— Нечего время тратить. У тебя что, дел нет? Иди домой, передавай привет своим и вообще, не мешай, видишь, я делом занят: таблетки пора принимать, температуру измерять. Нам тут скучать не дают. Завтра придешь — принеси что-нибудь почитать.
И тон, и слова звучали настолько привычно, что я невольно поддался им — все в порядке, скоро все пройдет.
Но на следующий день книги, которые я принес, не понадобились — ночью развился тяжелейший инфаркт. Отца даже остереглись переводить в реанимационное отделение, боялись, что он не выдержит перевозки.
Я тихо зашел в палату, и первое, что бросилось в глаза, — у постели капельница.
Рядом на стуле сидела мама, она гладила руку отца, потом поцеловала в ладонь. Отец в ответ погладил ее по щеке. Отец выглядел очень плохо: серое лицо, тяжелое, прерывистое дыхание. Без кислорода он уже не мог обходиться, но присутствия духа не терял. Кислород подводили к носу по двум прозрачным трубочкам. На лице их закрепляли пластырем. Отец еще находил силы дурачиться, обращаясь к дежурившей у его постели сестре:
— Что-то у меня усы растрепались, поправьте, пожалуйста.
Весь он был обвешан какими-то датчиками, а на экране рисовала зигзаги все та же зеленая линия.
Владимир Григорьевич не стал меня успокаивать, сказал, что состояние отца чрезвычайно тяжелое и конец может наступить каждую минуту. Оставалось надеяться на то, что организм у отца для его возраста очень здоровый.
Я, конечно, готов был верить любым оптимистическим прогнозам, но… Прошел день, а состояние не улучшалось.
Эти дни все мы — мама, сестры и я — сменяли друг друга у постели отца. Утром в четверг, собираясь после работы заехать в больницу, я позвонил дежурной сестре.
— Еще дышит, — коротко ответила она на мой вопрос и повесила трубку.

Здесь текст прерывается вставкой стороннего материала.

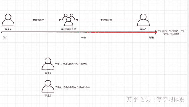 接着,在诸如方十字这样的策略组织机构的推动下,学生们的竞争方式,由低层次体系内部竞争,转变为了体系与体系的竞争。矛盾充分解决的高层次体系学习者,将会吊打矛盾部分解决的中层次学习者,而矛盾部分解决的中层次学习者,将会吊打纯管教主义的低层次学习者。好比现代的步枪,近代的火绳枪,古代的弓弩之间的关系。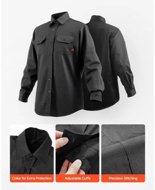 Chest: 59 in,Sleeve Length: 27 in,Size: XXL,Color: Black,Material: Pure Cotton,Flame-Resistant Material: Yes,Product Dimensions: 35.5 x 59 x 27.0 in / 901.7 x 1498.6 x 685.8 mm,Button Type: Button,Fabric Weight: 7 oz,Length: 35.5 in,Item Model Number: AP-6832,Pockets: 2,Net Weight: 1.53 lbs / 0.69 kg (including all accessories),Arc Rating: ATPV 9.2 Cal/cm²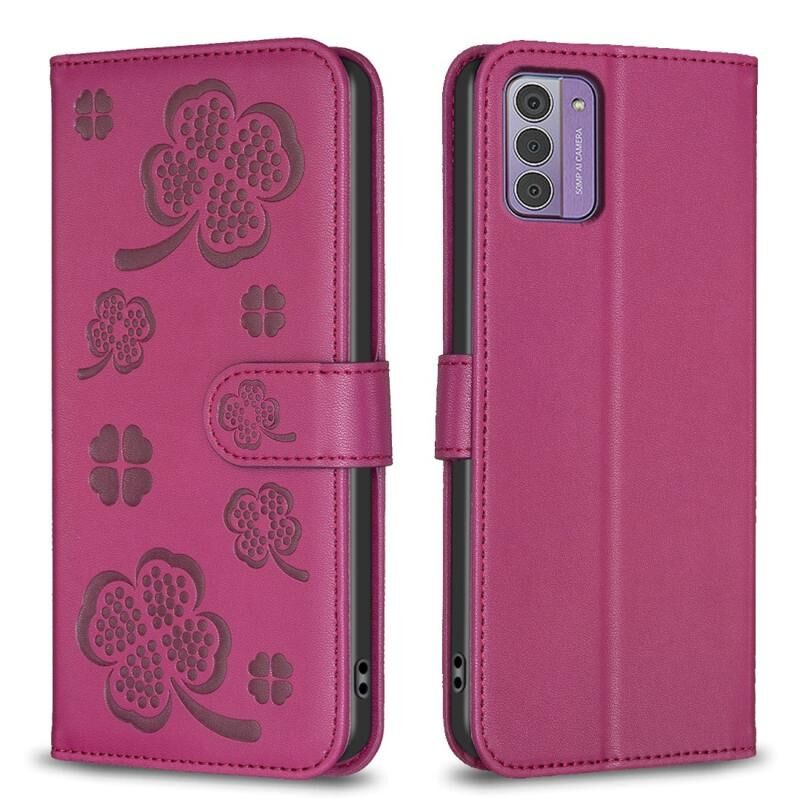 Για Nokia G42 / G310 τετράφυλλο ανάγλυφη δερμάτινη θήκη τηλεφώνου (Rose Red)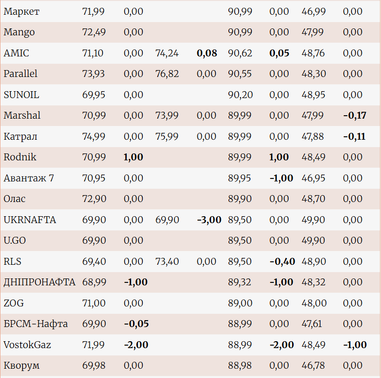 Окремі мережі вже активніше коригують вартість. Так, на 1 грн/л зменшили ціни на дизельне пальне UPG (до 91 грн/л), Chipo (91,87 грн/л) та "Авантаж 7" (89,95 грн/л), а криворізька мережа RLS опустила ціну на 40 коп./л — до 89,50 грн/л.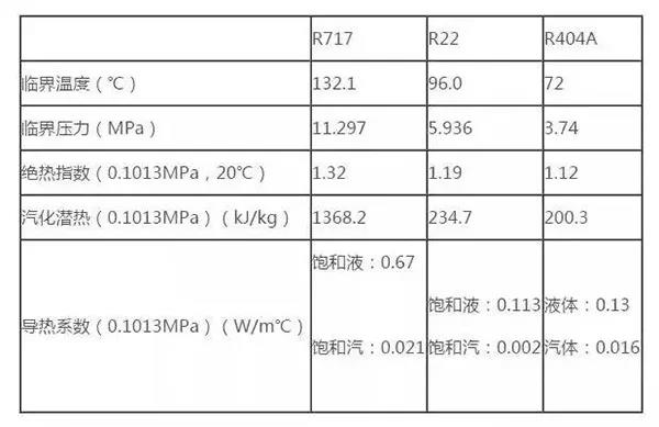 1、氨制冷剂(R717)和氟制冷剂(R22和R404A)的性质对比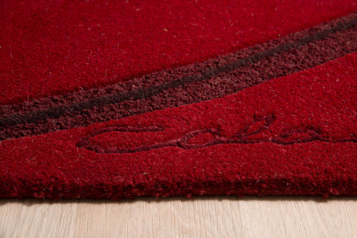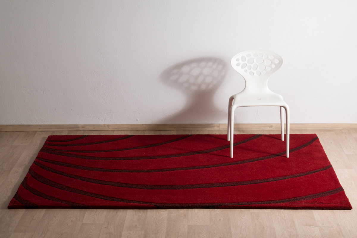 Χειροποίητο μοντέρνο χαλί με σύνθεση από 100% μαλλί με την υπογραφή του σχεδιαστή Colani. Έχει μπορντό βάση και ανάγλυφο γραμμικό σχέδιο σε αντίθεση.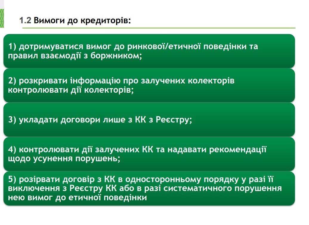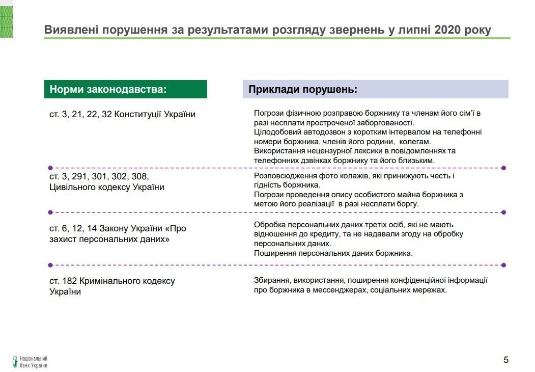 Наразі НБУ представив концепцію регулювання колекторської діяльності. У презентації є й перелік порушень Конституції України та інших законів, до яких вдаються колектори зараз:
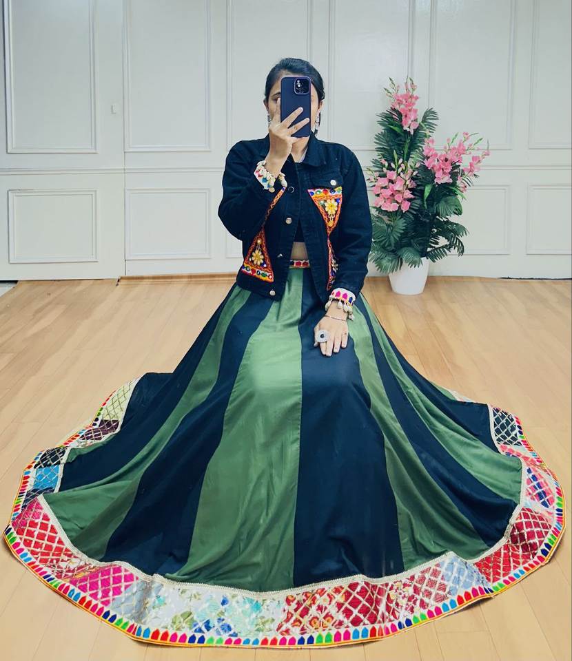 Chaqueta de mezclilla de trabajo Gamathi bordada intrincadamente exquisita Lisa pura Reyon Lehengha para estilo Navratri indio pakistaní
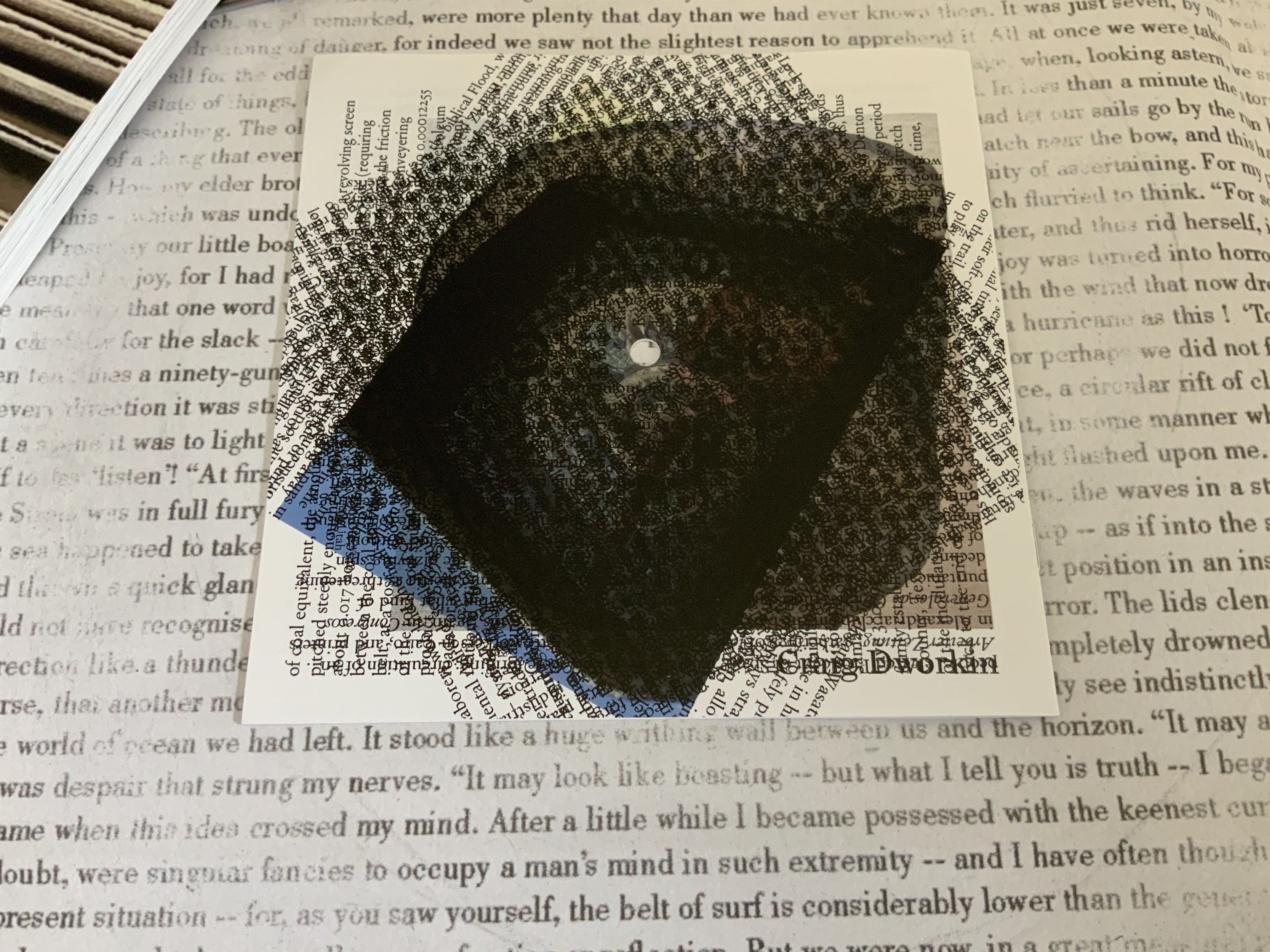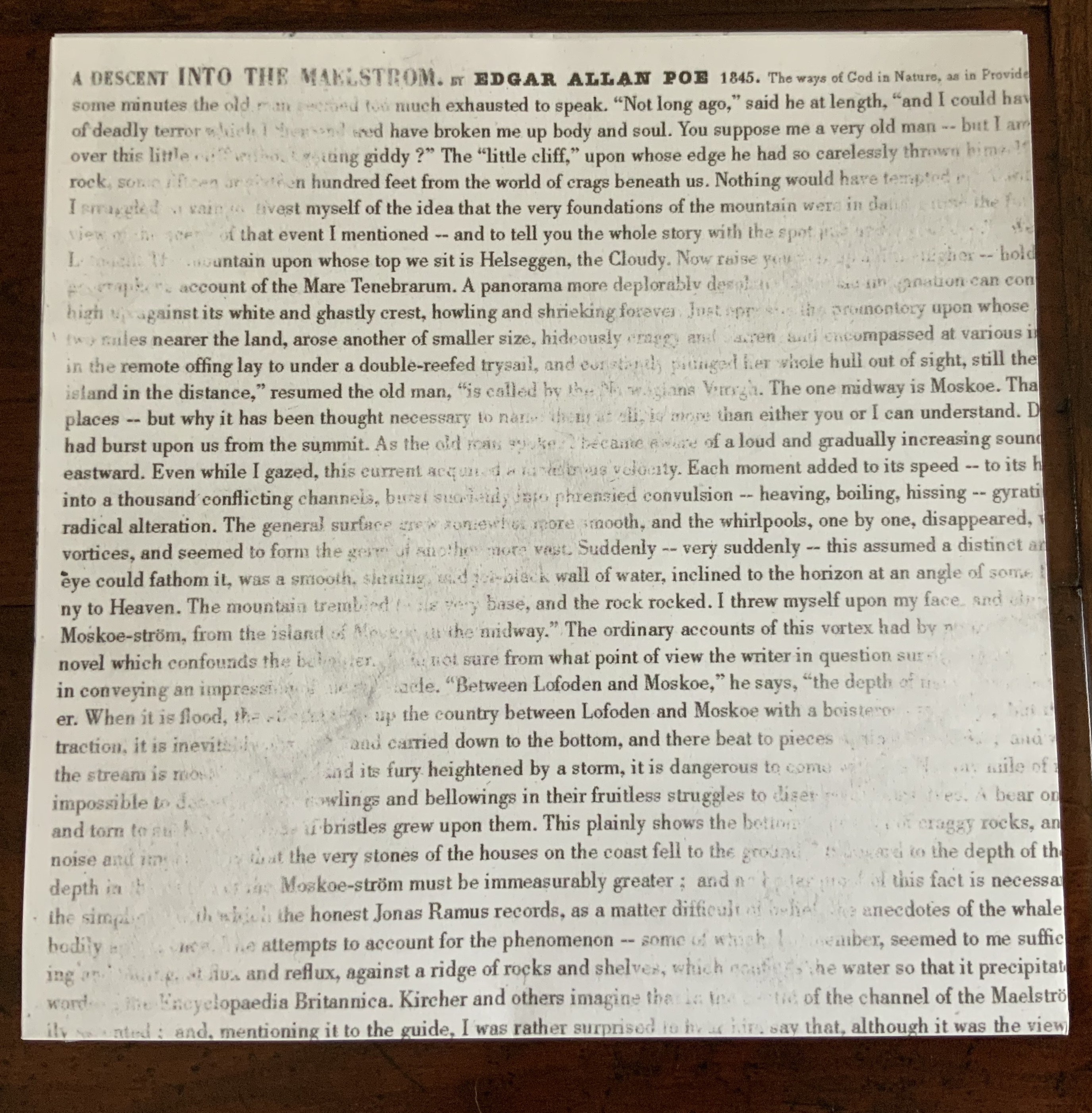 Jérémie Bennequin’s double-sided, bilingual print of his erasure of Poe’s “A Descent into the Maelstrom” recalls the palimpsest — a longstanding topic of material text study. Also, by standing in for Poe’s swirling maelstrom, the print’s image of spiralling erasure raises the domain’s recurrent theme of text-and-image interaction as well as that of the self-reflexiveness of such art. Using the book or text as physical material with which to create a work is central to book art as is the self-referencing that arises.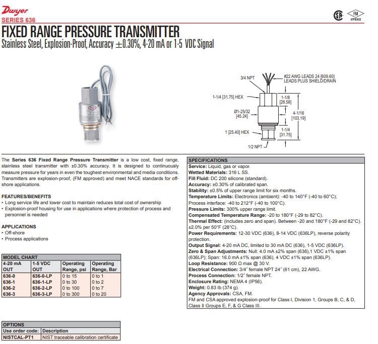 美国Dwyer压力变送器636-0,636-1,636-3,636-4,636-5,636-6,636-7
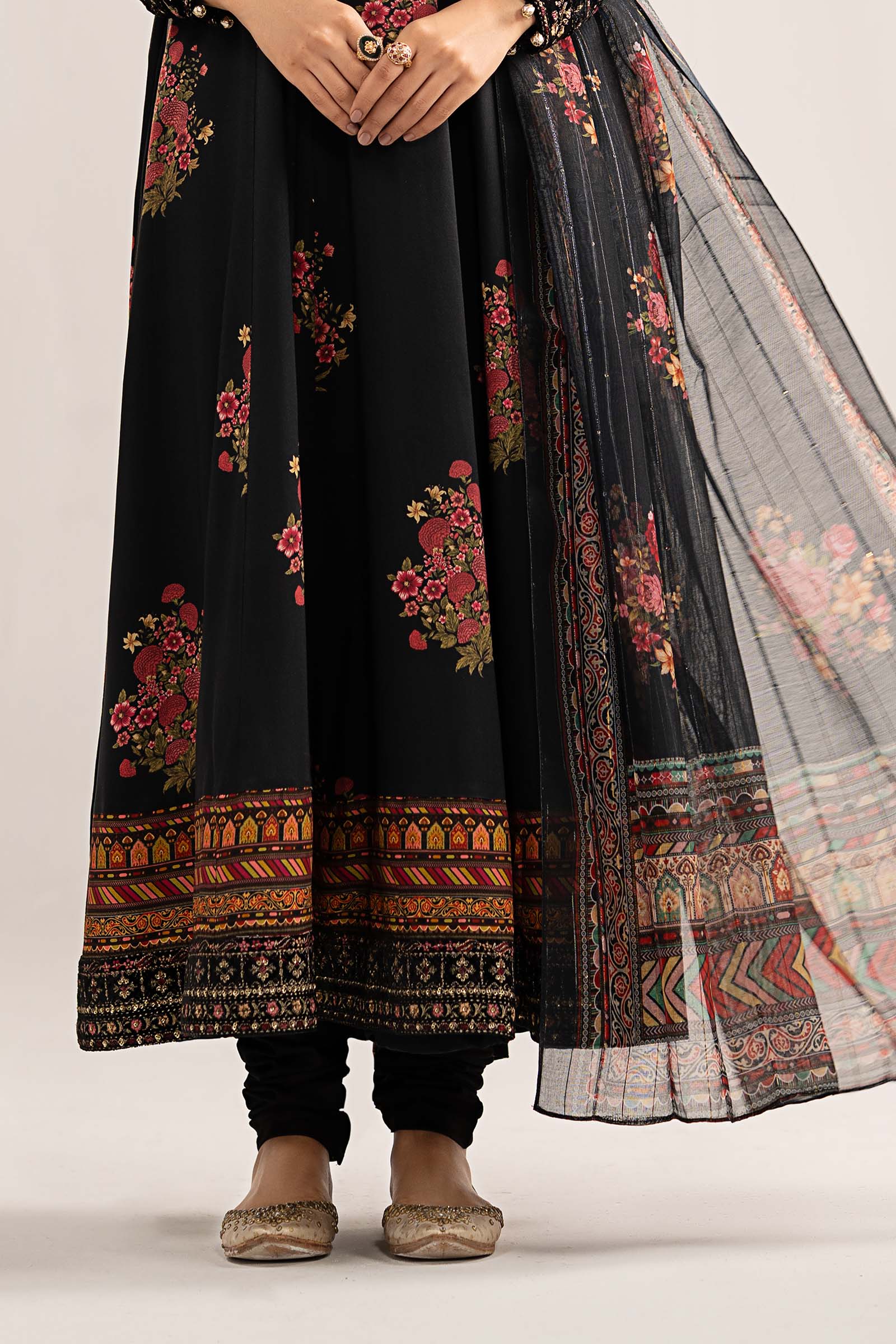 Digital Printed Sleeves With Velvet Embroidered Border & Gotta Balls Drop Detailing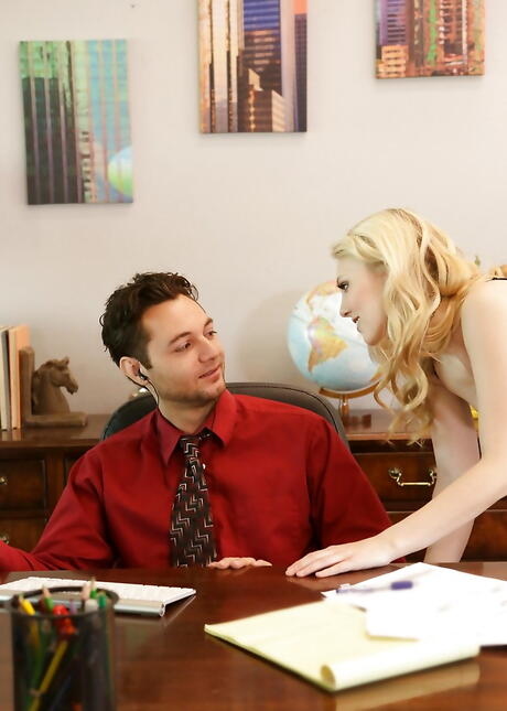 Deluxe american blonde Lily Rader in sexy underwear fucked hard after sucking big cock in office

Я кинулся в больницу, доктор объяснил, что прошедшая ночь была крайне тяжелой. У отца развилось дыхание Чейн-Стокса, но его удалось выправить, и состояние слегка стабилизировалось.
О пресловутом дыхании Чейн-Стокса я помнил со времени бюллетеней о болезни Сталина в марте 53-го. От этих слов веяло могильным холодом.
Осторожно приоткрыв дверь, я заглянул в палату. На высокой кровати лежал отец. Увидев меня, он попытался улыбнуться, но улыбка не получилась. Я посидел какое-то время, пытался что-то рассказать, но рассказ не клеился. Отец лежал, закрыв глаза, — то ли уснул, то ли просто не было сил поднять веки. Но вот он открыл глаза.
— Уходи, — пробормотал он привычную шутку, — не видишь — я занят. Не трать зря время…
Посидев еще немного, я ушел. Меня сменили мама, Рада и Лена.
В пятницу отцу стало чуть лучше. Собрался очередной консилиум, констатировавший, что в сравнении со вчерашним положение, как записали в истории болезни, не крайне, а очень тяжелое. Но и это вселяло призрачную надежду.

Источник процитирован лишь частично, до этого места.